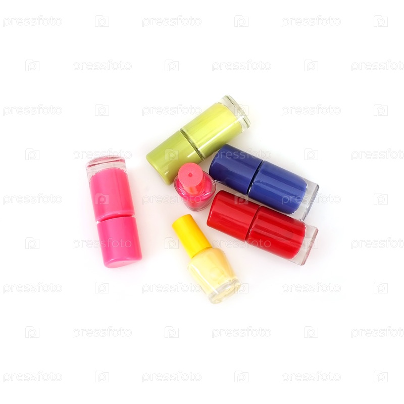 Бутылки с лаком для ногтей изолированы на белом фоне
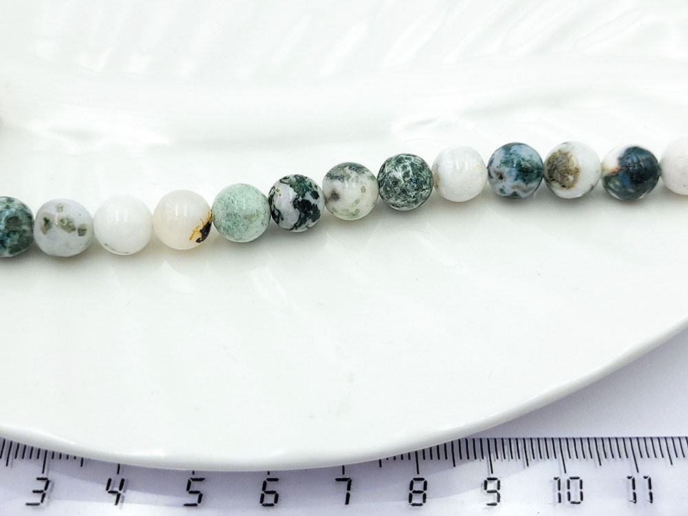 Агат моховый, круглый 8 мм, 15 шт/нить
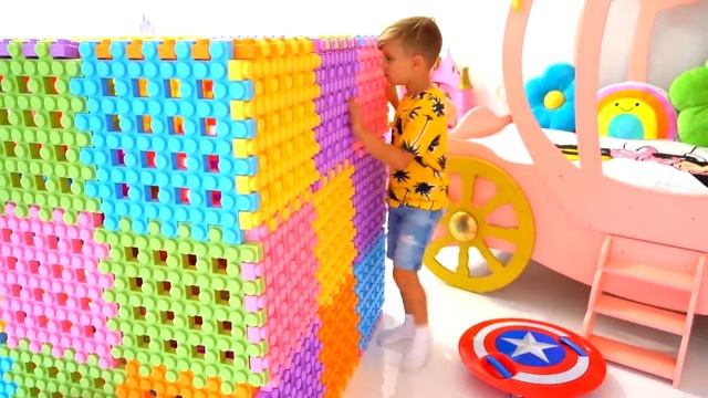 Диана и Рома - Диана и Рома играют с конструктором и строят игровые домики
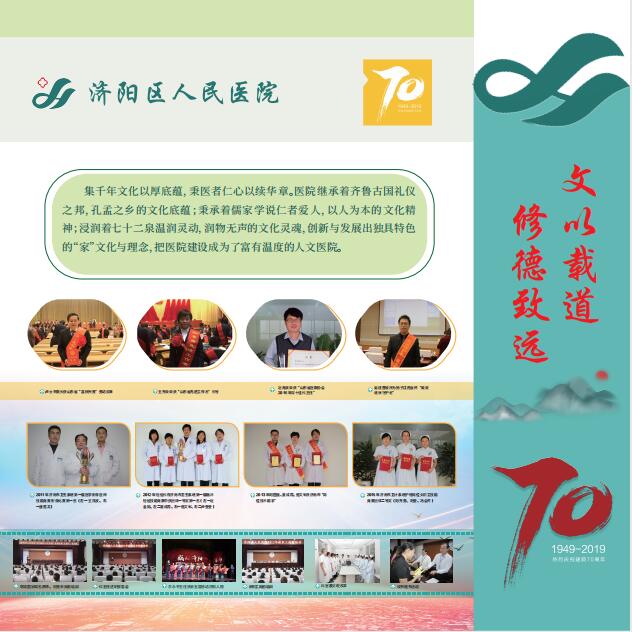 济阳区人民医院自1949年创建以来,已经走过了整整七十年,历经七十年的波澜壮阔,几代人砥砺前行、和衷共济、并肩携手、薪火相传,将医院发展至今天这般壮大。她的历程值得沉思,她的瞬间值得回忆,她的精神值得传承,她的历史值得铭记。为此,在医院七十年华诞之际,因地制宜在门诊楼医疗街建设成了院史长廊。百余张照片记录着医院走过的历程,16张展板也将成为医院文化建设的标志之一。徜徉其中感受历史的同时,继续传承医院精神,更好地为人民群众的健康保驾护航。
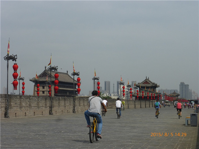 早晨 到陕西历史博物馆大门看了几眼,人太多,所以去城墙南门,上城墙,一直走回到德胜门,下到火车站—z92—9·6早上海陕博陕博西安,也是一座繁华的都市登城咯。。。西安,再见!来自游记梦回长安+夜爬华山+壶口瀑布
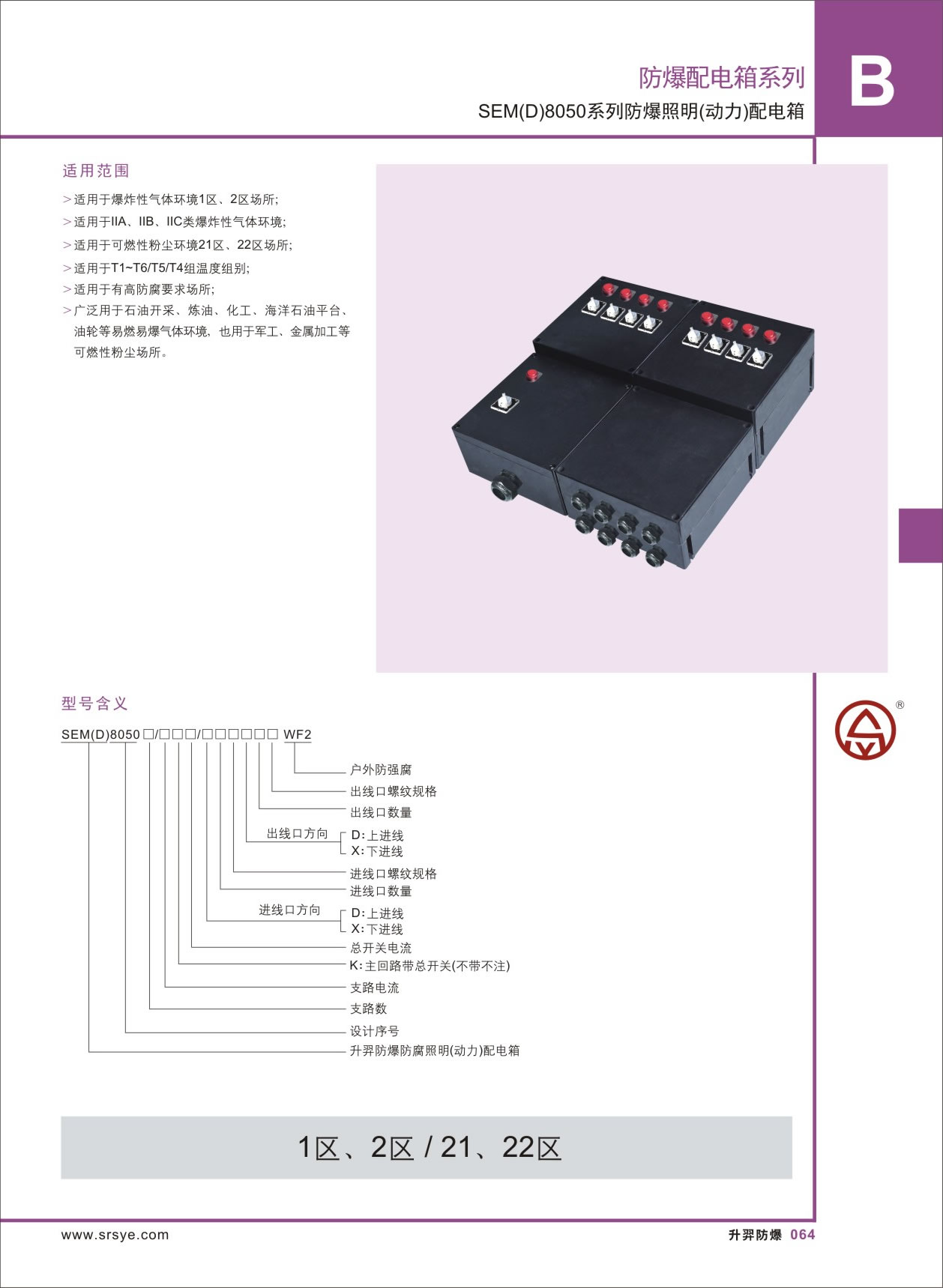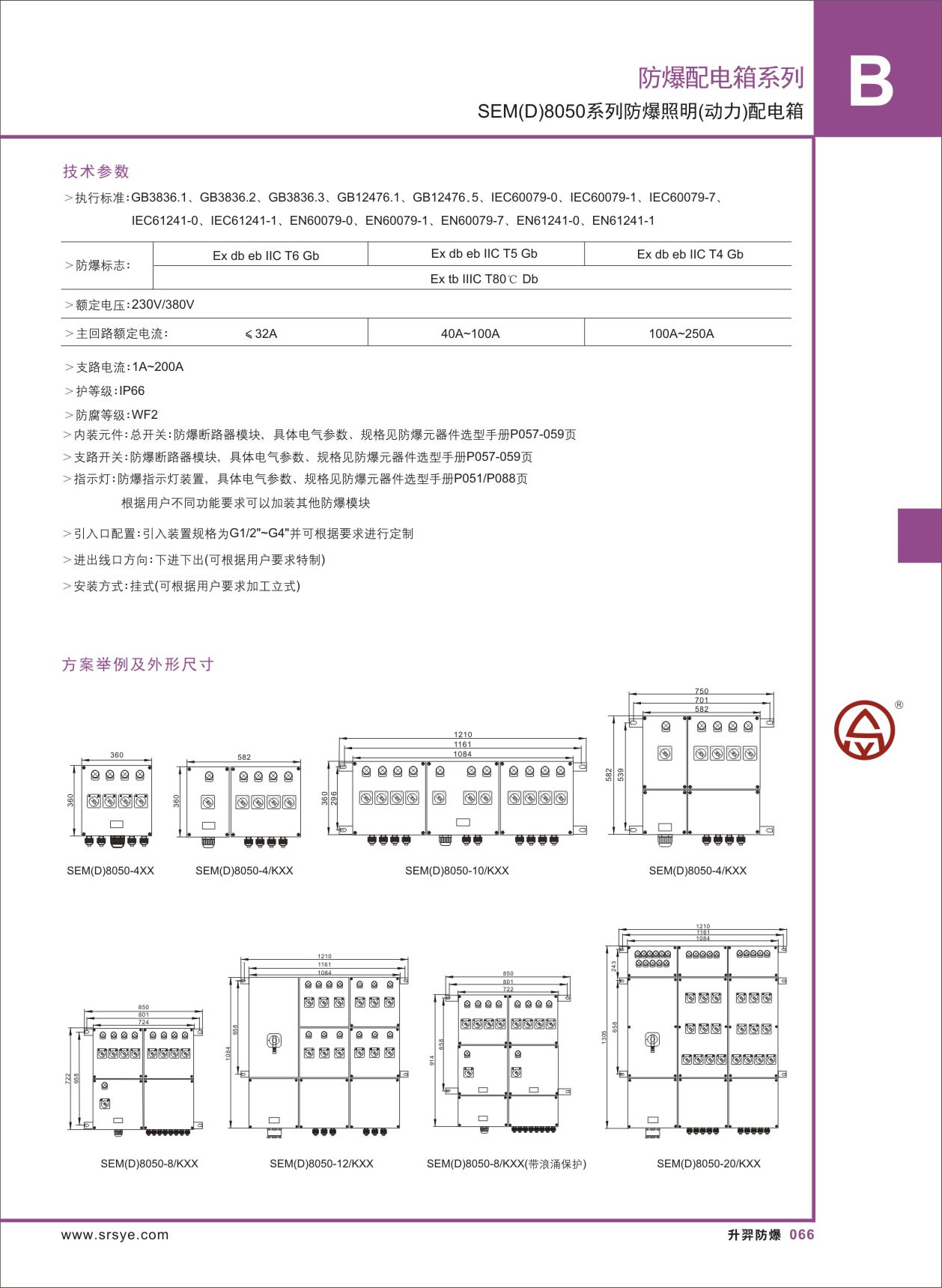 防爆标志: | ExdeIICT4Gb(80-250A) ExdeIICT6Gb(1-63A) ExtD A21 IP66 T80℃ |
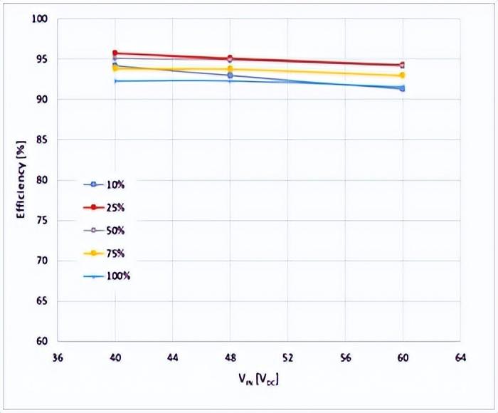 圖5:輸入電壓對能效和負(fù)載變化

──────

**Exercise:** Although the records above contain pictures, the copy must not; set down exactly the lines from the one with "Диана и Рома - Диана" up to and including the one with "济阳区人民医院自1949年创".

**Response:**
 Диана и Рома - Диана и Рома играют с конструктором и строят игровые домики
 济阳区人民医院自1949年创建以来,已经走过了整整七十年,历经七十年的波澜壮阔,几代人砥砺前行、和衷共济、并肩携手、薪火相传,将医院发展至今天这般壮大。她的历程值得沉思,她的瞬间值得回忆,她的精神值得传承,她的历史值得铭记。为此,在医院七十年华诞之际,因地制宜在门诊楼医疗街建设成了院史长廊。百余张照片记录着医院走过的历程,16张展板也将成为医院文化建设的标志之一。徜徉其中感受历史的同时,继续传承医院精神,更好地为人民群众的健康保驾护航。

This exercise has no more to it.